Утром зашел в "Досуг", остановился у ювелирного прилавка. В глаза бросились сережки с изумрудами.
Они для Софьи с зелеными глазами!
Посмотрел цену – дорого!!
Постоял в нерешительности, не сумев преодолеть скупости, пошел домой. Дома походил бесцельно, постоял у окна. И вдруг кожей почувствовал, что Софья смотрит и видит меня, гадкого, видит, что деньги, эти бумажки, дороже ее, видит и растворяется в небытие, смертельном для нас обоих. Почувствовал, схватил, скомкав, доллары, помчался в магазин.

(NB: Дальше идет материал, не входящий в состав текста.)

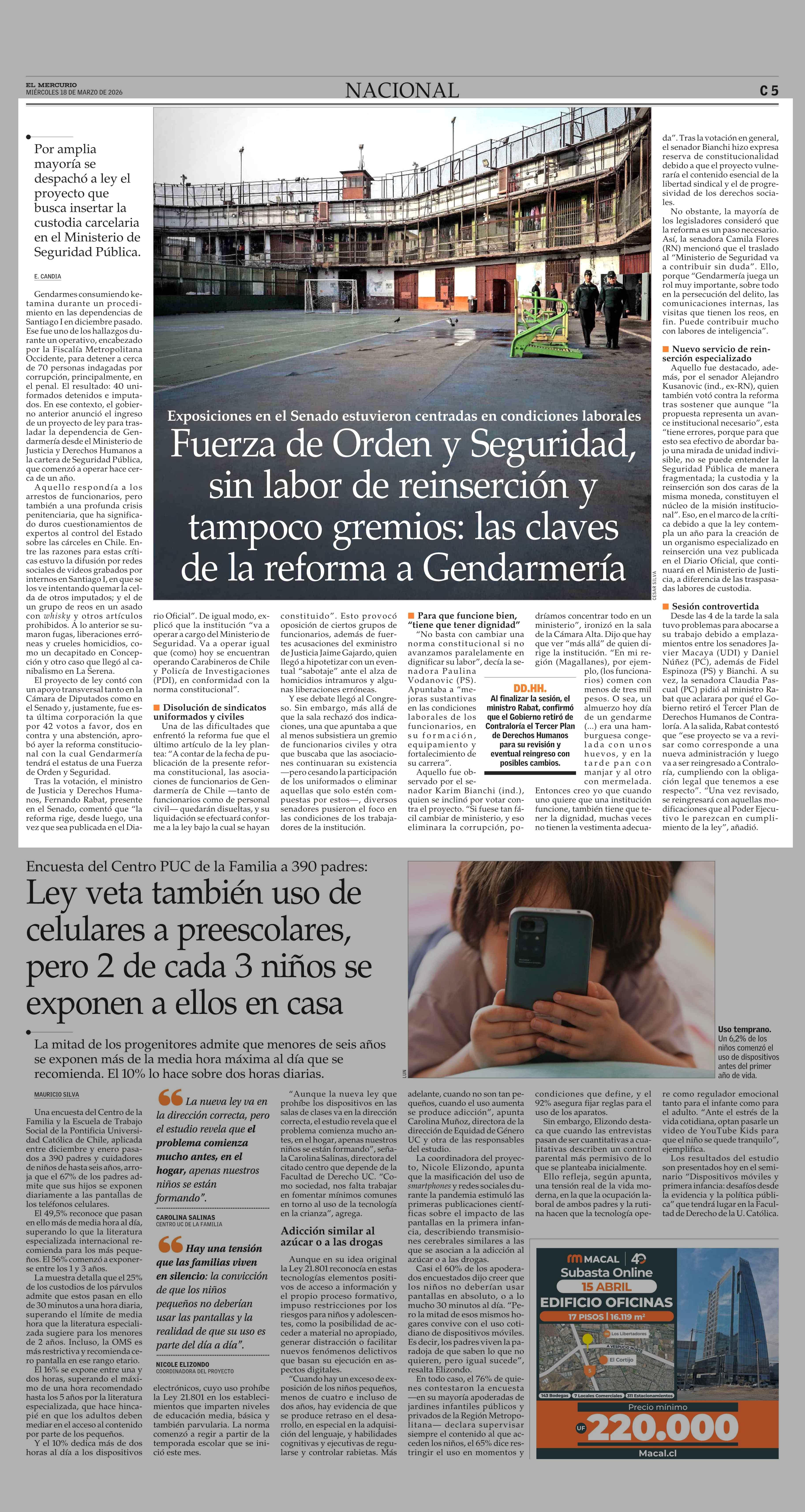 Fuerza de Orden y Seguridad, sin labor de reinserción y tampoco gremios: las claves de la reforma a Gendarmería 18-03-2026 El Mercurio |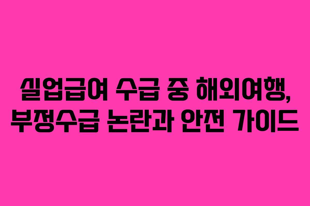 실업급여는 재취업을 지원하기 위해 마련된 제도로, 수급자는 적극적인 구직 활동을 해야 합니다. 따라서 해외여행을 고려할 때는 이러한 조건을 반드시 염두에 두어야 합니다.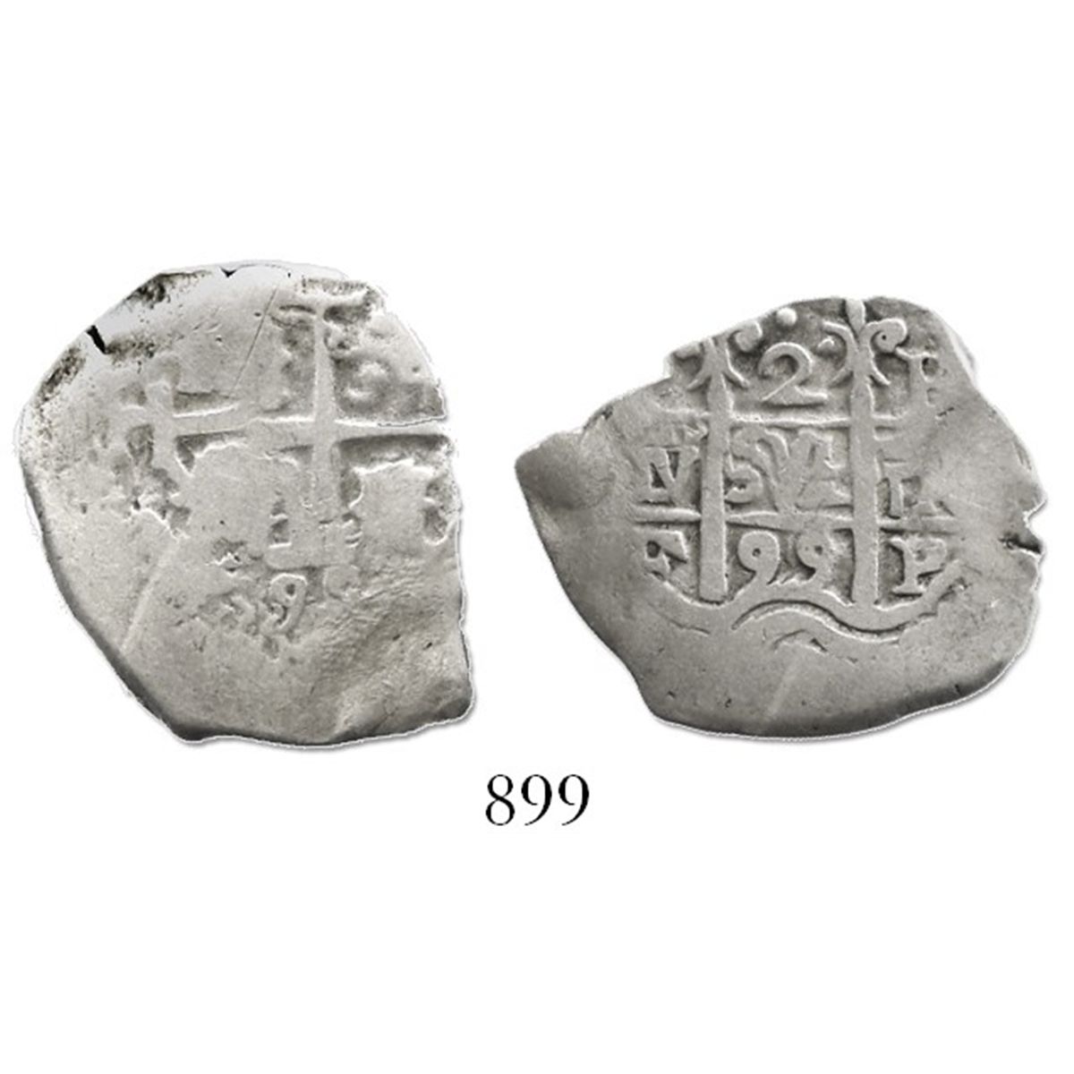 Potosi, Bolivia, cob 2 reales, 1699F. S-P42; KM-24; CT-632. 6.0 grams. Good full pillars-and-waves with clear date and 2 assayers, off-center cross with second date, About Fine. Pedigreed to Ponterio auction #54 (lot 785).

Выбрался из него счастливый. Пошел, раскрыв коробочку и смотря – на солнечном свету изумруды счастливо смеялись. Они казались неотъемлемой ее частью. Частью Софии. Пройдя полпути, остановился.
А Люба?
Вернулся в магазин. Купил такие же для Любы.
Потратил целое состояние.
Не потратил – умножил себя.
Представил, что разгорится в их душах, когда они получат одинаковые сережки!
Софья посмотрит на девочку, как на соперницу.
Люба ответит торжествующим взглядом.
Потом они улыбнуться друг другу:
– Ведь мы его женщины. Он любит нас одинаково.
28
Если вы читали не 28-е главы рассеянно, то можете задаться вопросом: почему я не извлек сокровищ и не использовал их по назначению?
Это просто понять.
Во-первых, извлеченное сокровище – это не сокровище.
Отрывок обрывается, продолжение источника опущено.